A small library for using AI in Telegram chat bots

    Good afternoon! In the wake of the general interest in chatbots in particular and systems of dialogue intelligence in general, for some time I was engaged in projects related to this topic. Today I would like to put one of the written libraries in open source. I will make a reservation that first of all I specialize in the algorithmic aspects of development and therefore I will be glad to constructively criticize decisions of coder nature from more knowledgeable specialists in this matter.

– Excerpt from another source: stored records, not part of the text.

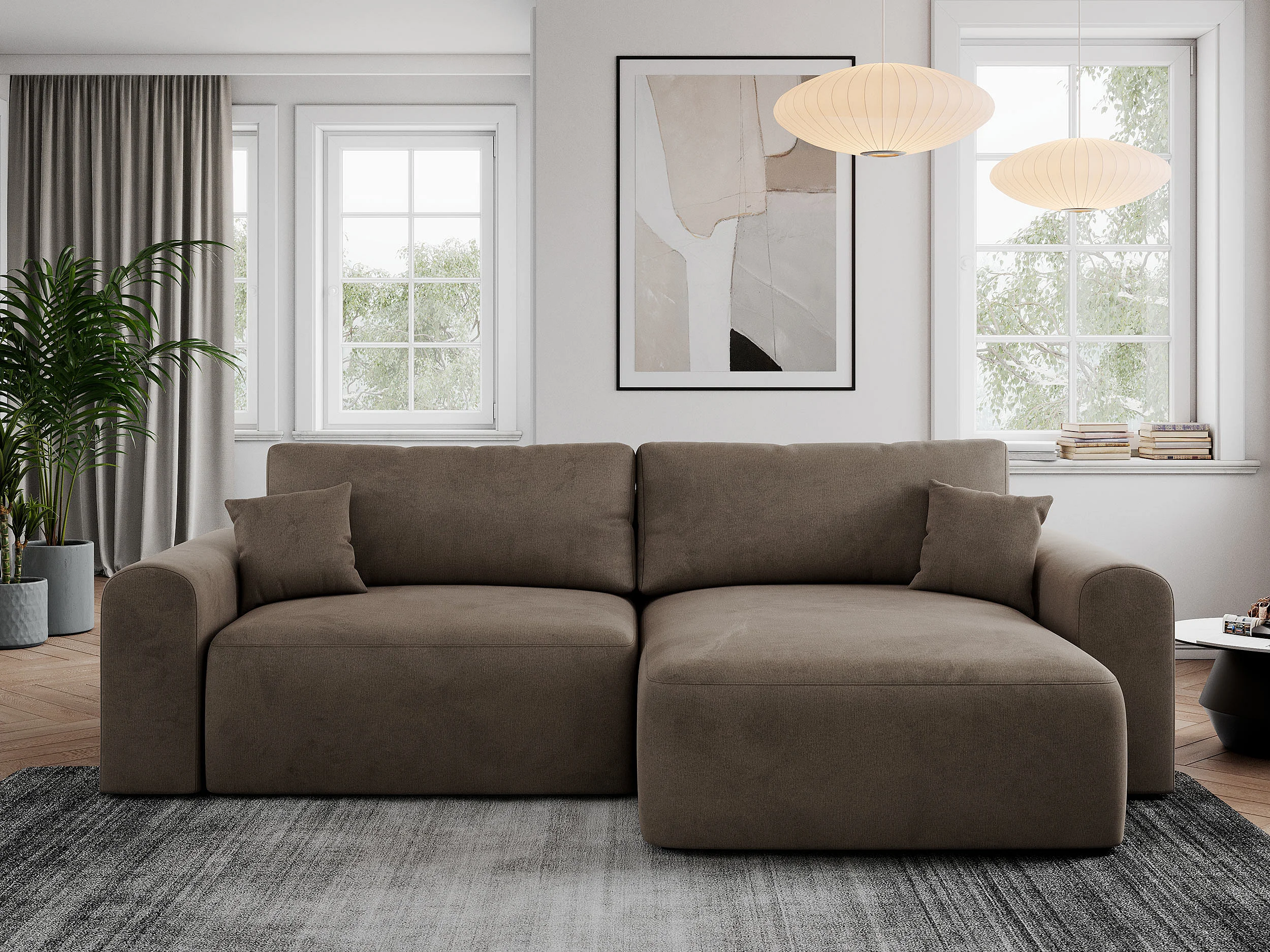 Ecksofa NELSON - Schlafcouch mit Armlehnen und Bettkasten, universelles L-förmige Ecksofa - Braun Velvet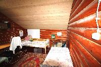 Дом -бревно: 1 этаж кухня- гостиная, гостевая комната, сан-узел, прихожая.
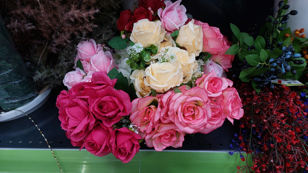 Появился новый букет искусственных роз — очень удачная и аккуратная работа. Лепестки выполнены без видимых недочётов, клей не торчит и совсем незаметен, благодаря чему цветы выглядят максимально естественно. Длина букета 45 см, купить можно за 225 рублей. В ассортименте представлены разные расцветки, так что можно подобрать вариант под любой интерьер или настроение.

    The library is dedicated to building an interface between an algorithm that returns a response to a text request and the Telegram messenger API. Designed for flexible application of machine learning algorithms. By the way, if more knowledgeable than me, experts can offer a successful option, unifying the interfaces of various possible communication channels (instant messengers, web widgets, etc.) with a single entry point to the response function, I will be glad to discuss it in the comments. Personally, I, in due time, had to use a module independently written in Flask and giving access to the algorithm through http requests. To interact with each user interface (Telegram, Facebook, etc.), I had to write a separate program that was involved in communicating with it, translating the request into a unified format, understandable written on the Flask API, and, finally, translating the response back to a format that the user interface understands. This design looks somewhat awkward, so, I repeat, I will be glad to discuss this issue in the comments with more experienced colleagues in this topic.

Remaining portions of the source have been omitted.